Incomplete Gerstmann syndrome with a cerebral infarct in the left middle frontal gyrus

Yoshihito Ando, M.D.1), Mikio Sawada, M.D.1), Mitsuya Morita, M.D.1), Mitsuru Kawamura, M.D.2) and Imaharu Nakano, M.D.1)

1)Division of Neurology, Department of Medicine, Jichi Medical University
2)Division of Neurology, Department of Medicine, Showa Medical University

A 65-year-old right-handed man noted a sudden onset of numbness and weakness of the right hand.
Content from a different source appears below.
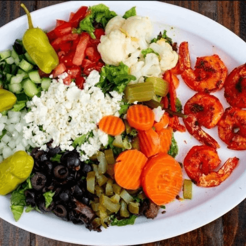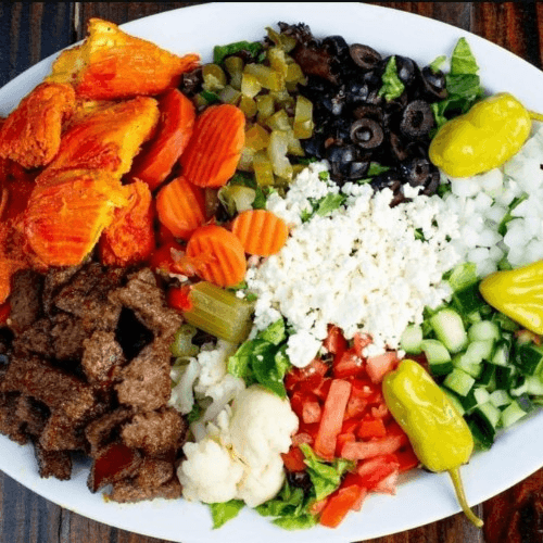 Your choice of protein, lettuce, tomato, cucumber, onion, crumbled feta cheese, black olives, giardiniera pickled veggies, side pita bread, Queen sauce and garlic sauce.

On the initial visit to our hospital, he showed severe acalculia, and transient agraphia (so called incomplete Gerstmann syndrome) and transcortical sensory aphasia.
Brain MRI revealed a fresh infarct in the left middle frontal gyrus. The paragraphia and aphasia improved within 14 days after onset, but the acalculia persisted even at seven months after onset. In an 123I-IMP SPECT study, the cerebral blood flow (CBF) was found to be decreased in the infarction lesion and its adjacent wide area, the ipsilateral angular and supramarginal gyri, and contralateral cerebellar hemisphere. We speculate that inactivation in the infarction lesion caused the CBF decrease in the non-infarcted areas due to diaschisis. This case indicates that Gerstmann syndrome can be caused by not only dysfunction of the angular gyrus but also of the left middle frontal gyrus in the dominant hemisphere.
Full Text of this Article in Japanese PDF (1028K)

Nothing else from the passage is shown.